Entry 15 - July 11, 2014
Changes Are Ahead

Disney!

This past month was tough one. We un-expectantly lost my first cousin, who was only 27 years old. We were really close growing up as I was the oldest of the “little” cousins and our family was always together. Now, as an adult, I am very close to my aunt, his mother, as I talk to her every week somehow or another. She likes to have daily pictures of Adisyn and will even send her surprises here and there in the mail. Since my family is so far away it was almost like it took longer for the reality to hit that he was gone. I found that I didn’t know what to do or say to my aunt. I am not very good at knowing what to say when it comes to a loss. Even though I could think of a million things to share, her situation is different than mine and I was at lost for words. I was incredibly sad and I couldn’t stop thinking what she or my other cousin (his older brother by 1 year) was feeling. I realize that I still can’t handle a loss, nor am I any better at comforting someone in times of one.

We also found out we are moving….STAT. Mark’s job transferred him to another city about 2 hours away. We were told the day we were leaving for vacation that he was to report to the new city the Monday that we returned. So, when we got back from vacation Mark basically moved there since it would be too far to come home every day. The good news is that its only 2 hours away, but since this was a sudden move, Adisyn and I will be living at home until we can sell our house, or at least get the process going. Luckily his company helps us out with a lot of the moving process and hopefully it will happen sooner than later. It is really hard to leave a place that we love, but I know it will all work out.

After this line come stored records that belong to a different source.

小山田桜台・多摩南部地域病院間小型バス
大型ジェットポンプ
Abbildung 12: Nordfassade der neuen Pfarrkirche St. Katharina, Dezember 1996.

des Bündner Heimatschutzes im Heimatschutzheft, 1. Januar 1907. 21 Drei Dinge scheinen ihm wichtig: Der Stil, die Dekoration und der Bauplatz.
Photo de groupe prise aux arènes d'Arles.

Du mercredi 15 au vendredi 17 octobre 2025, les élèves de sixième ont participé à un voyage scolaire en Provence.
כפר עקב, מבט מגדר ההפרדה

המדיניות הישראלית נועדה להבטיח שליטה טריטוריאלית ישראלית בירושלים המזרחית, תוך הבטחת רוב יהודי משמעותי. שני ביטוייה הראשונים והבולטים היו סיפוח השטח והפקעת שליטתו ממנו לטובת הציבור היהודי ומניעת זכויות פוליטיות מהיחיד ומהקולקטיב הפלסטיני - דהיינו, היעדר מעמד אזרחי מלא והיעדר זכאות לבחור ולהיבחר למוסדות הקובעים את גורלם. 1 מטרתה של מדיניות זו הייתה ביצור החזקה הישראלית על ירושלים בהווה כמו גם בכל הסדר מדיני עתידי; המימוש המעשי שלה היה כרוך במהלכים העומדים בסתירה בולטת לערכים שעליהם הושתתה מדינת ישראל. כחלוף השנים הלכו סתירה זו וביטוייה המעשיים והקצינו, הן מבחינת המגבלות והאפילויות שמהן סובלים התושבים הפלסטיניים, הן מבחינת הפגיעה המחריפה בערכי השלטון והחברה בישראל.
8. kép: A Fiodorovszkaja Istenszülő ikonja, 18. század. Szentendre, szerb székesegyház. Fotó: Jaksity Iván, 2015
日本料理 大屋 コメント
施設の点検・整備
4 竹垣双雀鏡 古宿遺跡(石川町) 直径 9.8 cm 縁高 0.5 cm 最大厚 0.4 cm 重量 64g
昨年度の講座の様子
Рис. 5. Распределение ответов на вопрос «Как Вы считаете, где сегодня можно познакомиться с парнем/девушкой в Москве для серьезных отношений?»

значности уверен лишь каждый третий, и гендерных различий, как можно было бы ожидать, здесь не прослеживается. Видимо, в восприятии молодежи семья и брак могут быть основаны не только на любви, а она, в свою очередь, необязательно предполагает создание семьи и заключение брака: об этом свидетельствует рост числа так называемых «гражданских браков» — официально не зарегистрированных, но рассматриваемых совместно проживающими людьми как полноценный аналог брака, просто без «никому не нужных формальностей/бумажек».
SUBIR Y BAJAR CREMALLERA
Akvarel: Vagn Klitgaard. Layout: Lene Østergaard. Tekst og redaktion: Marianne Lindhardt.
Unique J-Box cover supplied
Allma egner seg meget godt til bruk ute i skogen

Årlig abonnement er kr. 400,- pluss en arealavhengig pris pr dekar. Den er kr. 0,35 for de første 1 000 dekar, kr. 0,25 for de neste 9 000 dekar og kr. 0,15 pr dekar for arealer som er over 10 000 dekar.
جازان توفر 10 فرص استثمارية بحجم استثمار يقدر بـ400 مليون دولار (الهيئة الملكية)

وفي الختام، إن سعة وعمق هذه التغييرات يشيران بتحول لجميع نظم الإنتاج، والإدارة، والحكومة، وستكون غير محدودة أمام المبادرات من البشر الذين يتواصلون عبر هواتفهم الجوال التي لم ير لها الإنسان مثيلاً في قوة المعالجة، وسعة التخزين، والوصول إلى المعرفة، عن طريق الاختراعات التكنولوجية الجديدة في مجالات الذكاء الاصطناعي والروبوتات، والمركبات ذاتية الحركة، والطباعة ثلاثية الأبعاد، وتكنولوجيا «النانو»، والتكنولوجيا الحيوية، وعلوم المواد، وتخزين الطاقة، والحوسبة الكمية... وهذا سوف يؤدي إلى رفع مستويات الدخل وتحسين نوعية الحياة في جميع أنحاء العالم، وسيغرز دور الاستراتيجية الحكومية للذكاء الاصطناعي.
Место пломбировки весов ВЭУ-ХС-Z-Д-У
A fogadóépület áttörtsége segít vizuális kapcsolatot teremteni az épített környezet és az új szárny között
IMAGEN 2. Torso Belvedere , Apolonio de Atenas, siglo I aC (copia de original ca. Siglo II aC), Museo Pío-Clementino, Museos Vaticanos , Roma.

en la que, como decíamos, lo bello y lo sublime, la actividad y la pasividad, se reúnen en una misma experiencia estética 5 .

Our vacation was great. I wasn’t sure at first how it would feel after just losing my cousin. We met some of my family at Disney World to watch my niece who was performing there. It was nice to take a much needed vacation to be with the family but also to see my side of the family that I don’t get to see too often. They loved seeing Adisyn and getting together with them was just what we all needed - To be together as a family.

Also last week my mom was placed in a hospital. She just recently got diagnosed with dementia last month, even though she’s only 67 years old. Living away from my family I would tell my sister that my mom was different. It was a slow decline since everyone “forgets” things, no matter your age. But this is different. When we went to see my family just before Christmas last year I was talking with my sister about the changes I noticed with our mom. She also had a flat affect. This was not like her and we decided to call her doctor (again). The records showed that I called 1 1/2 or 2 years ago with concerns about her memory, but nothing was done about it. It was apparent it was getting worse. Then, for the second time in a couple of months, she just fell in her apartment and forgot how to get up. She lives alone and luckily someone found her, but she doesn’t remember what happened and she was also very confused, more so than usual. My sister took her to the ER and was describing her state as very disoriented in that none of her sentences or conversations were appropriate or made sense. It was so hard being so far away because there was nothing I could do. My mom was in the hospital for a few days and has improved, but they would not approve her to go into a nursing home for rehab. Thankfully, nothing was broken. She is very shaky and weak and now is using a walker but it is still scary that she is living by herself. I don’t know what the next step is, but I know my myself, my brother or sister are not ready for what’s ahead. I don’t think she’ll be able to live by herself much longer.

In all I realized even more so that I love my family. I love every second of my time with Mark and Adisyn and we’re excited to start our family in a new city. Change is hard, but I now that this is where we’re supposed to be. It’s also tough when I’m so far away from my side of the family and I still may not know what to say, but I’m thankful for them. Changes are ahead and even though they are not always easy, God has a plan and will be with us every step of the way!